Step 5: Evaluation with RAGAS

RAGAS is the standard evaluation framework for RAG pipelines in 2026. It measures four key dimensions automatically using an LLM as judge:

  • Faithfulness — Is the answer grounded in the retrieved context?
  • Answer Relevancy — Does the answer address the question?
  • Context Precision — Is the retrieved context relevant?
  • Context Recall — Was all relevant context retrieved?

Set up RAGAS evaluation as a GitHub Actions workflow that runs on every PR touching the RAG pipeline, with a quality gate that fails the PR if any metric drops below a threshold.
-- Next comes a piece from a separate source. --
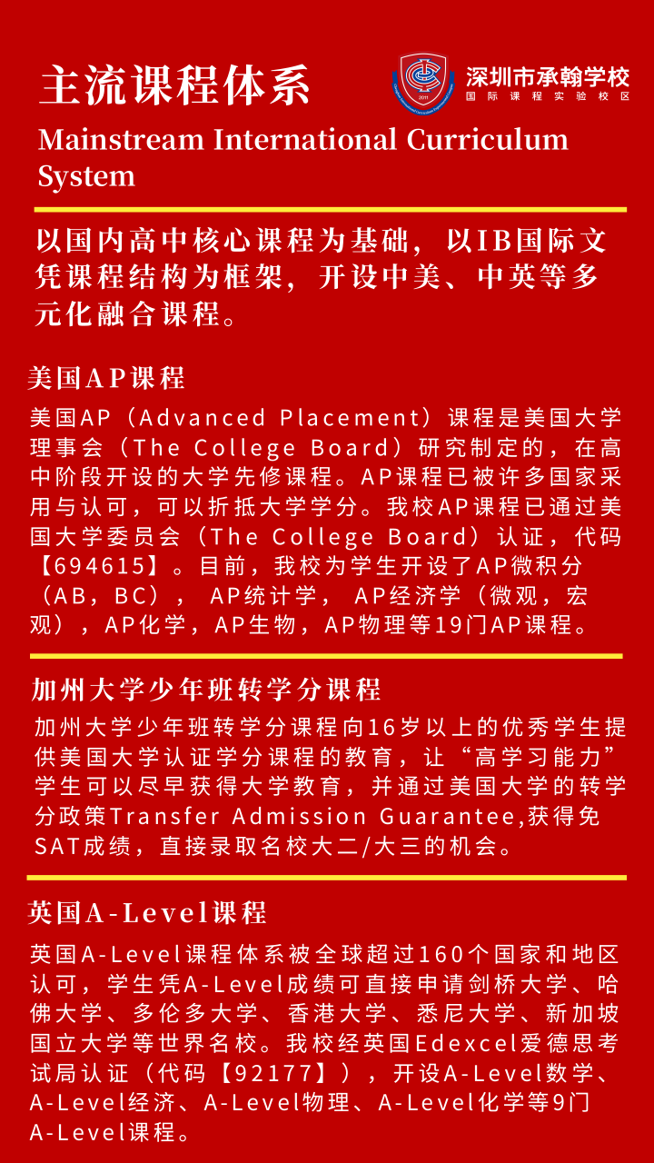 深圳市承翰学校(国际课程实验校区)|2023-2024学年国际高中招生简章
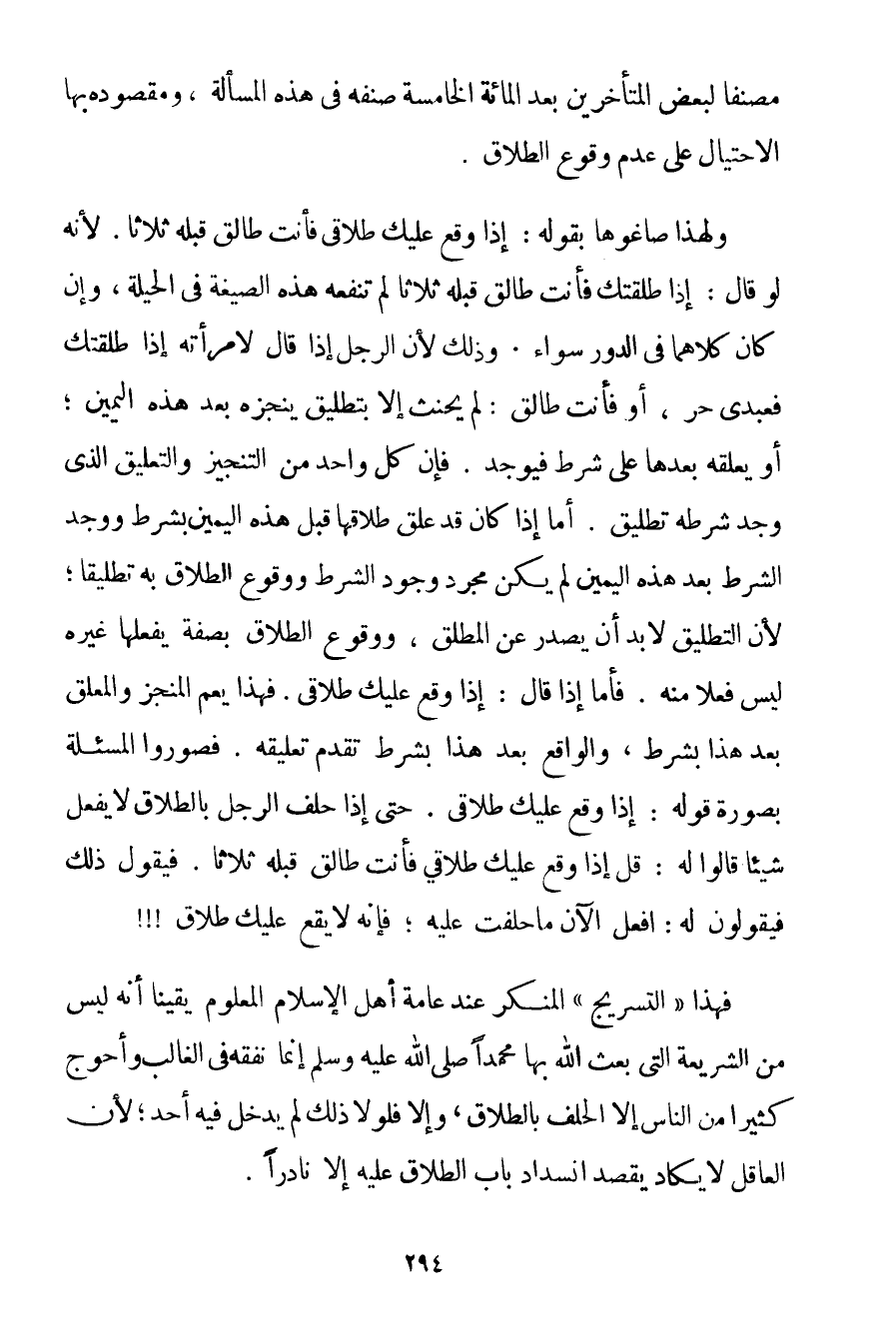 مُصَنَّفًا لِبَعْضِ الْمُتَأَخِّرِينَ بَعْدَ الْمِائَةِ الْخَامِسَةِ صَنَّفَهُ فِي هَذِهِ الْمَسْأَلَةِ وَمَقْصُودُهُ بِهَا الِاحْتِيَالُ عَلَى عَدَمِ وُقُوعِ الطَّلَاقِ. وَلِهَذَا صَاغُوهَا بِقَوْلِهِ: إذَا وَقَعَ عَلَيْك طَلَاقِي فَأَنْت طَالِقٌ قَبْلَهُ ثَلَاثًا. لِأَنَّهُ لَوْ قَالَ: إذَا طَلَّقْتُك فَأَنْت طَالِقٌ قَبْلَهُ ثَلَاثًا لَمْ تَنْفَعْهُ هَذِهِ الصِّيغَةُ فِي الْحِيلَةِ وَإِنْ كَانَ كِلَاهُمَا فِي الدَّوْرِ سَوَاءٌ. وَذَلِكَ لِأَنَّ الرَّجُلَ إذَا قَالَ لِامْرَأَتِهِ إذَا طَلَّقْتُك فَعَبْدِي حُرٌّ أَوْ فَأَنْت طَالِقٌ: لَمْ يَحْنَثْ إلَّا بِتَطْلِيقِ يُنَجِّزُهُ بَعْدَ هَذِهِ الْيَمِينُ؛ أَوْ يُعَلِّقُهُ بَعْدَهَا عَلَى شَرْطٍ فَيُوجَدُ. فَإِنَّ كُلَّ وَاحِدٍ مِنْ التَّنْجِيزِ وَالتَّعْلِيقِ الَّذِي وُجِدَ شَرْطُهُ تَطْلِيقٌ. أَمَّا إذَا كَانَ قَدْ عَلَّقَ طَلَاقَهَا قَبْلَ هَذِهِ الْيَمِينِ بِشَرْطِ وَوُجِدَ الشَّرْطُ بَعْدَ هَذِهِ الْيَمِينَ لَمْ يَكُنْ مُجَرَّدُ وُجُودِ الشَّرْطِ وَوُقُوعِ الطَّلَاقِ بِهِ تَطْلِيقًا؛ لِأَنَّ التَّطْلِيقَ لَا بُدَّ أَنْ يَصْدُرَ عَنْ الْمُطَلِّقِ وَوُقُوعَ الطَّلَاقِ بِصِفَةِ يَفْعَلُهَا غَيْرُهُ لَيْسَ فِعْلًا مِنْهُ. فَأَمَّا إذَا قَالَ: إذَا وَقَعَ عَلَيْك طَلَاقِي. فَهَذَا يَعُمُّ الْمُنَجَّزَ وَالْمُعَلَّقَ بَعْدَ هَذَا بِشَرْطِ وَالْوَاقِعُ بَعْدَ هَذَا بِشَرْطِ تَقَدَّمَ تَعْلِيقُهُ. فَصَوَّرُوا الْمَسْأَلَةَ بِصُورَةِ قَوْلِهِ: إذَا وَقَعَ عَلَيْك طَلَاقِي. حَتَّى إذَا حَلَفَ الرَّجُلُ بِالطَّلَاقِ لَا يَفْعَلُ شَيْئًا قَالُوا لَهُ: قُلْ إذَا وَقَعَ عَلَيْك طَلَاقِي فَأَنْت طَالِقٌ قَبْلَهُ ثَلَاثًا. فَيَقُولُ ذَلِكَ فَيَقُولُونَ لَهُ: افْعَلْ الْآنَ مَا حَلَفْت عَلَيْهِ؛ فَإِنَّهُ لَا يَقَعُ عَلَيْك طَلَاقٌ فَهَذَا " التَّسْرِيجُ " الْمُنْكَرُ عِنْدَ عَامَّةِ أَهْلِ الْإِسْلَامِ الْمَعْلُومُ يَقِينًا أَنَّهُ لَيْسَ مِنْ الشَّرِيعَةِ الَّتِي بَعَثَ اللَّهُ بِهَا مُحَمَّدًا صَلَّى اللَّهُ عَلَيْهِ وَسَلَّمَ إنَّمَا نَفْقُه فِي الْغَالِبِ وَأَحْوَجُ كَثِيرًا مِنْ النَّاسِ إلَّا الْحَلِف بِالطَّلَاقِ وَإِلَّا فَلَوْلَا ذَلِكَ لَمْ يَدْخُلْ فِيهِ أَحَدٌ؛ لِأَنَّ الْعَاقِلَ لَا يَكَادُ يَقْصِدُ انْسِدَادَ بَابِ الطَّلَاقِ عَلَيْهِ إلَّا نَادِرًا.

Step 6: GitHub CI/CD Integration

Version control everything in your RAG pipeline — not just code, but prompts, chunking parameters, embedding model choices, and evaluation thresholds. The recommended repository structure:

rag-pipeline/
  config/
    chunking.yaml       # chunking strategy and parameters
    embeddings.yaml     # model selection and settings
    retrieval.yaml      # vector store, hybrid weights, top-K
    prompts/            # all LLM prompt templates (versioned)
  src/
    ingest.py
    retriever.py
    chain.py
  tests/
    eval_dataset.json   # golden Q&A pairs for evaluation
    test_ragas.py       # RAGAS evaluation test suite
  .github/
    workflows/
      eval.yml          # runs RAGAS on every PR

Storing prompts as versioned files (not hardcoded strings) means you can track what changed when quality shifts, and roll back prompt changes with git revert.

Monitoring in Production

The final production requirement is observability. LangSmith (from LangChain) and Langfuse (open source alternative) both provide trace-level visibility into every retrieval and generation step. Set up dashboards to track faithfulness scores, latency, and retrieval coverage over time — and alert when quality metrics degrade.

Building a production RAG pipeline correctly takes more effort than a demo, but the result is a system that actually performs reliably for users — and that you can confidently improve over time using data rather than guesswork.